If the answer is in the affirmative, GMA said that broadcasting  entities would certainly encounter major difficulties primarily “in monitoring  the broadcasting minutes spent by numerous candidates for various elective  positions” broadcast in other TV and radio networks, “and therefore compliance  with the New Rules will be cruel and oppressive.” It should be noted that, under  the New Rules, the officers of the Network would be held criminally liable for  any violations of the candidates with respect to the allowed airtime limits.

 

The Network added that even if the candidates will be required to  submit their written certification of their broadcasting minutes, the  verification of the authenticity of the certifications would pose “burdensome,  oppressive, and unreasonable” demands given that GMA does not have the required  expertise to perform such, and would entail added and substantial costs to the  Network.

 

While it may have the available means and competence to monitor all  of the political advertisements aired on its TV and radio stations nationwide,  GMA pointed out that it “does not have the required capability (or even the  opportunity as those networks and entities may not allow access to their  facilities) to undertake an accurate monitoring and attain a reasonable degree  of certainty of a candidate’s (or all the candidates’) remaining quota of  broadcasting minutes.

 

The Network also argued that given the dynamic nature of the  broadcast industry, any breach of the allowed TV and radio minutes, which is  penalized as a criminal offense, would become a controversial issue among  broadcast networks and content providers for cable TV, and “spawn network  cross-accusations that violations did not occur in their own fence, but in the  others’.”

 

GMA added that the limited number of broadcast minutes brought about  by the New Rules would “unduly pull or gravitate” candidates to a few large  networks with high ratings to the detriment of the small ones. GMA further  stated that this media pull may still result in an increased cost for broadcast  services, rendering the “equal access to media time” rule in Sections 2 and 6 of  Republic Act No. 9006 meaningless as it puts candidates with low campaign  budgets at a disadvantage.

 

GMA thus urged that the same rule on the airtime allotment in the  2010 elections based on a per station basis be reinstated for purposes of the  2013 elections. Otherwise, GMA said that it “would find itself in a quandary or  worse, be indicted for an election offense.”

 

In addition, GMA expressed its confusion over the provisions that  required the prior approval of the COMELEC “for appearances or guestings by a  candidate on any bona fide newscast, news interview or news documentary even as  said guesting or appearance is deemed incidental and not considered as broadcast  election propaganda,” as stated in the New Rules.
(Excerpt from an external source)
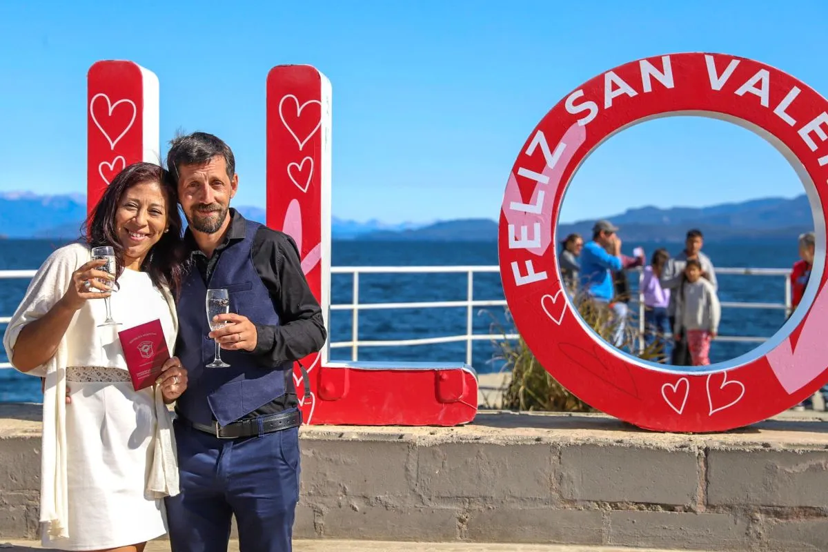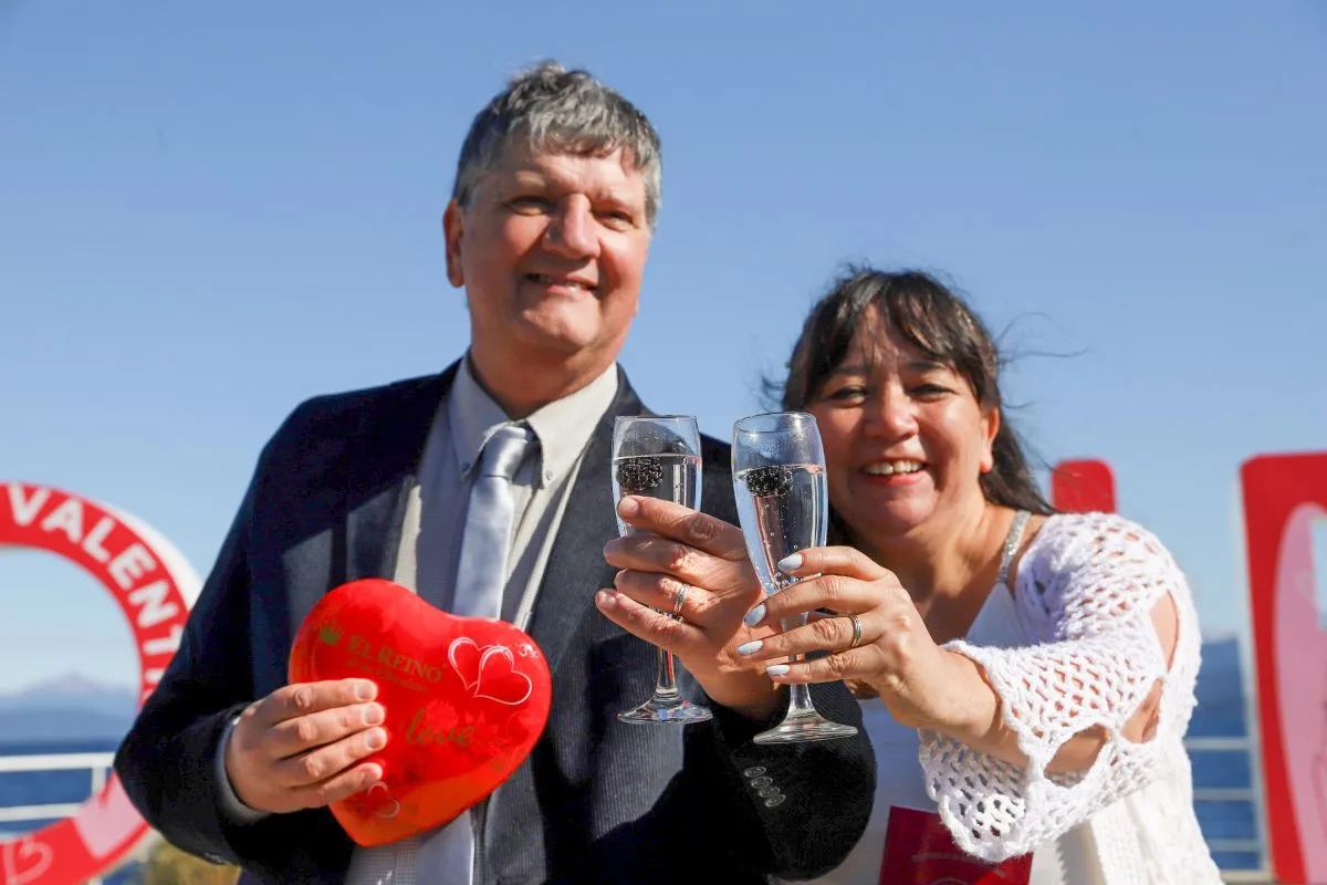Este viernes 14 de febrero se conmemora San Valentín y nuestra ciudad que enamora. Por esa razón, una decena de parejas decidieron casarse en un entorno mágico, a orillas del lago Nahuel Huapi.

GMA thus puts in question as  to why it should be required to “afford other candidates equal opportunity to  promote their candidacy especially if their appearance is not really pertinent  to a news documentary or report being made.”

 

The Network further argued that this interference in the content of  news reporting would not only require added manpower and logistical resources,  but would likewise invite challenges on the right of free expression. In  relation to this, GMA submitted that it should be given leeway to determine on  its own which matters are considered newsworthy enough for broadcast considering  that it has 50 years of experience and expertise in the broadcast  industry.

 

Further, GMA said that while it understands that the COMELEC may  issue rules and regulations, the Network maintains that the company and its  officers should not be faulted and held criminally liable “for any breach of the  time limits provided under the New Rules.” GMA referred to it as “a marked  deviation” from the list of election offenses, which mostly include deliberate  acts undertaken by candidates and their representatives.